What is needed: Give back the listing in full and exactly, leaving out the images.
##### Dataset extract
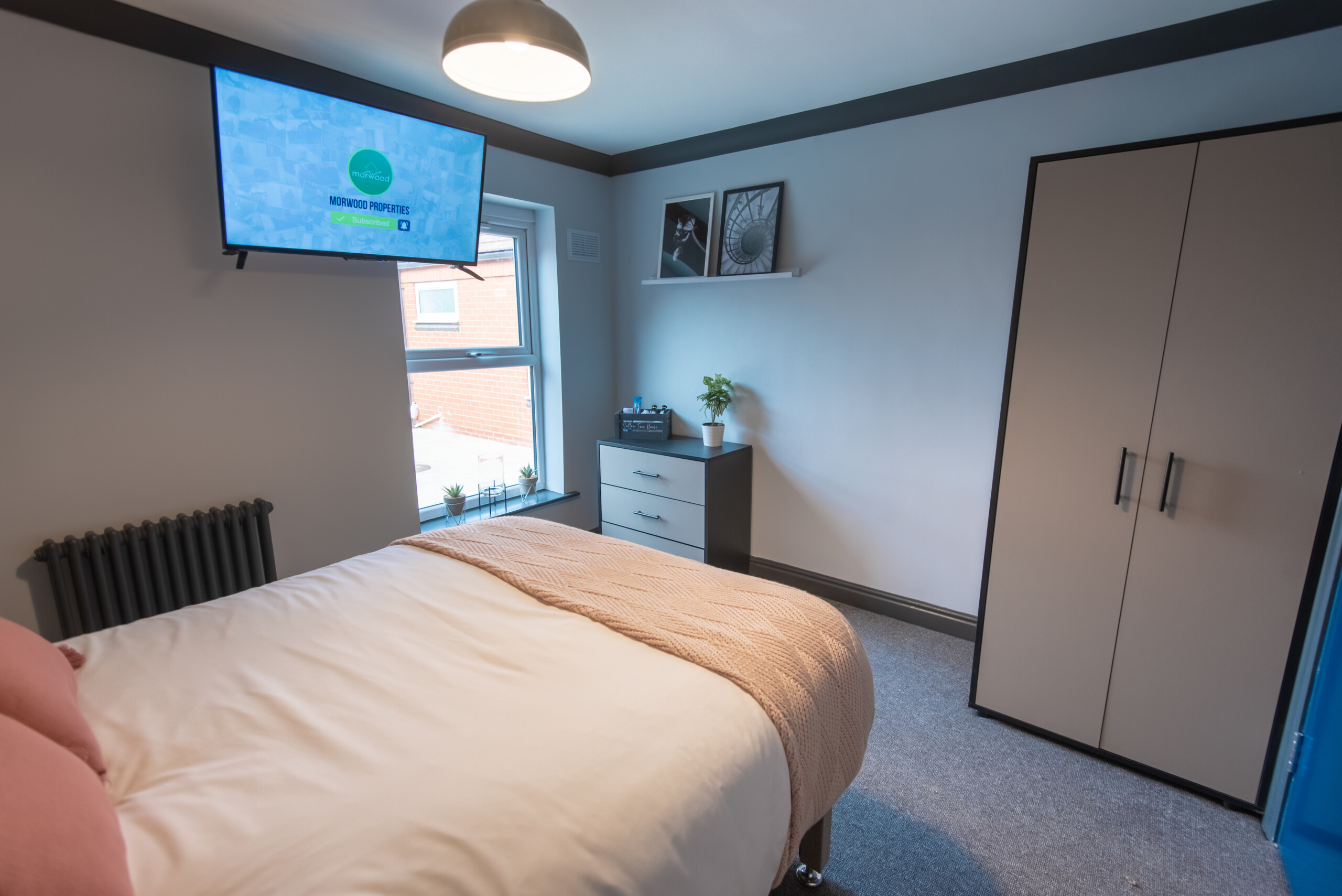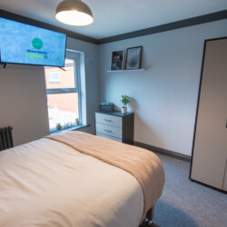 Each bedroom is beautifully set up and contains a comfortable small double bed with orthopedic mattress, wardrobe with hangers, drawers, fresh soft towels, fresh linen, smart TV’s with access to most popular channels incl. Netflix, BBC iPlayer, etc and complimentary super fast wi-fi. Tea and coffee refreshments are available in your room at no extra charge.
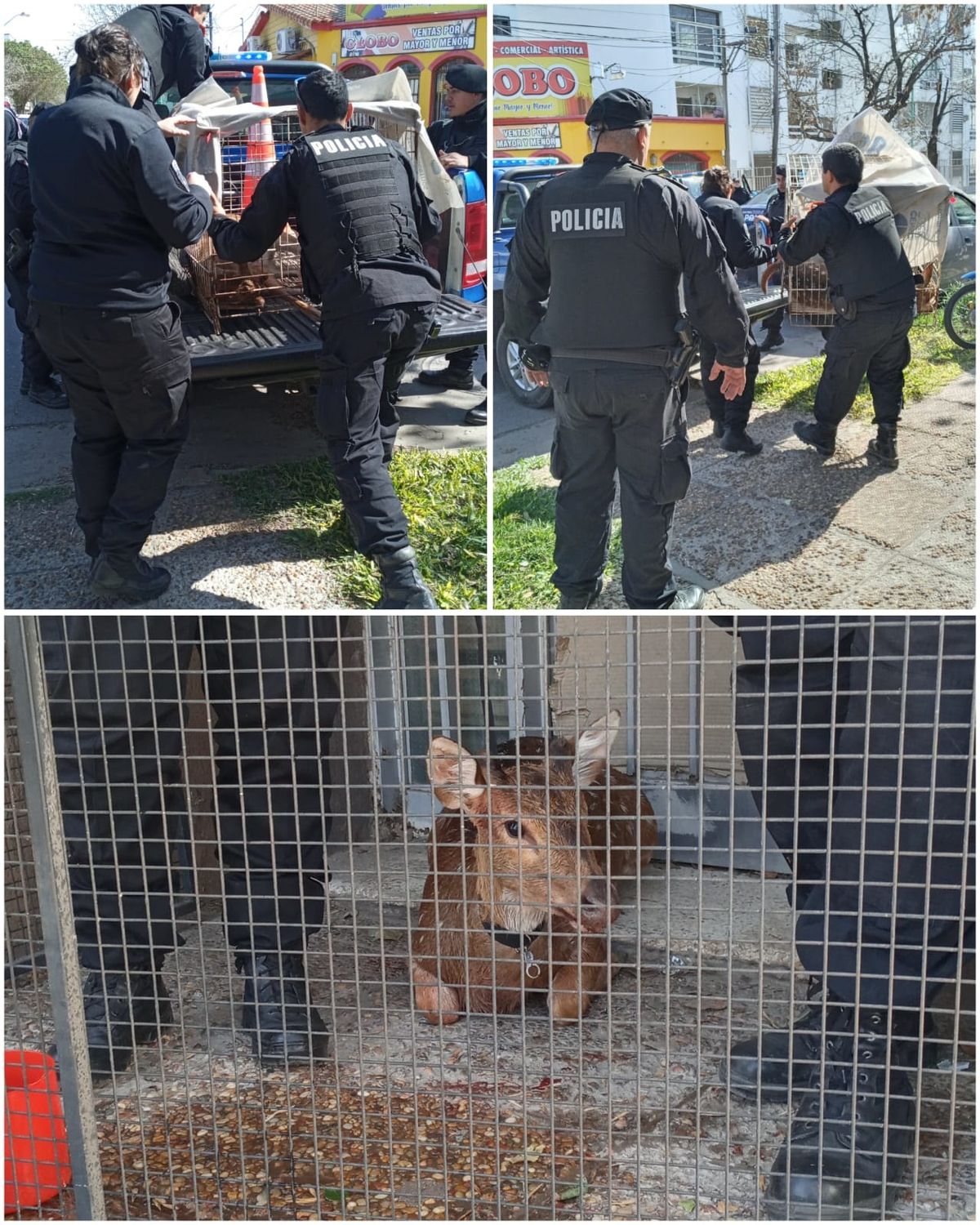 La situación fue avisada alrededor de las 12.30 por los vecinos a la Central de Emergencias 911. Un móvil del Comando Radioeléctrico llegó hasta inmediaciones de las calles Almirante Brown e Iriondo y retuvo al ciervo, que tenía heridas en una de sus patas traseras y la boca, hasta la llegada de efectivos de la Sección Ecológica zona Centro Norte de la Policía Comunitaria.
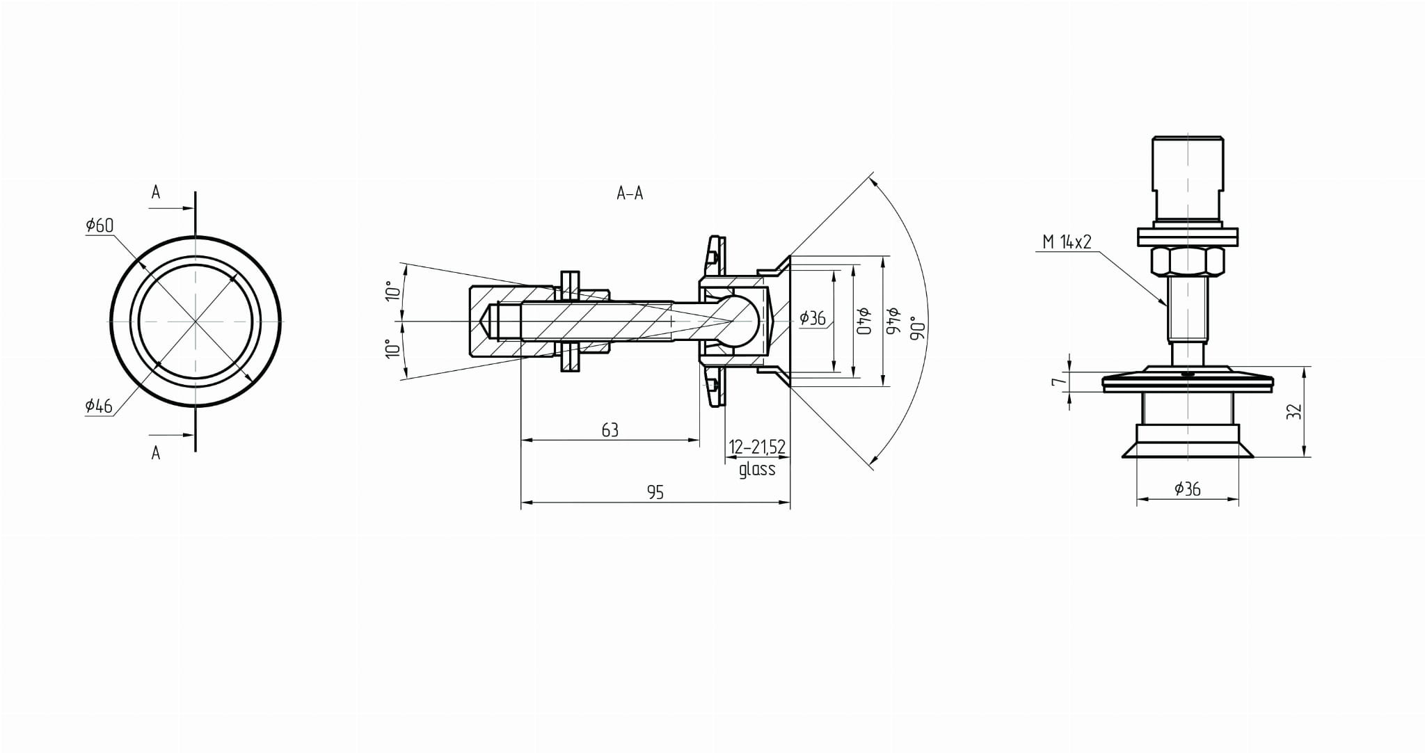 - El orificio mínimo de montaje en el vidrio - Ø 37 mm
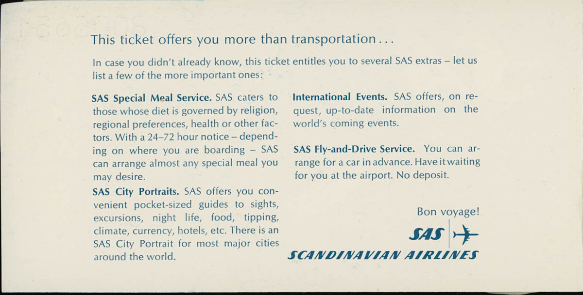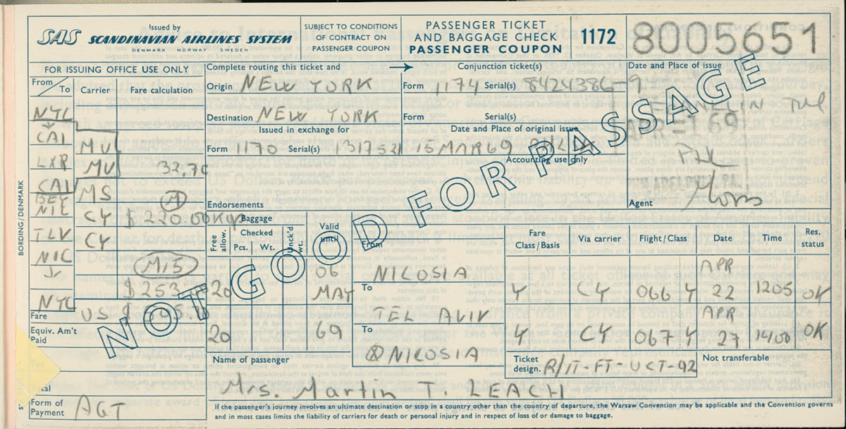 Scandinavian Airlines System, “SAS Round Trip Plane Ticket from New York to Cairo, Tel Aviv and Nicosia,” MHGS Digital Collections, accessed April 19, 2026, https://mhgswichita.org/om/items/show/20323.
##########
Output below:
 Each bedroom is beautifully set up and contains a comfortable small double bed with orthopedic mattress, wardrobe with hangers, drawers, fresh soft towels, fresh linen, smart TV’s with access to most popular channels incl. Netflix, BBC iPlayer, etc and complimentary super fast wi-fi. Tea and coffee refreshments are available in your room at no extra charge.
 La situación fue avisada alrededor de las 12.30 por los vecinos a la Central de Emergencias 911. Un móvil del Comando Radioeléctrico llegó hasta inmediaciones de las calles Almirante Brown e Iriondo y retuvo al ciervo, que tenía heridas en una de sus patas traseras y la boca, hasta la llegada de efectivos de la Sección Ecológica zona Centro Norte de la Policía Comunitaria.
 - El orificio mínimo de montaje en el vidrio - Ø 37 mm
 Scandinavian Airlines System, “SAS Round Trip Plane Ticket from New York to Cairo, Tel Aviv and Nicosia,” MHGS Digital Collections, accessed April 19, 2026, https://mhgswichita.org/om/items/show/20323.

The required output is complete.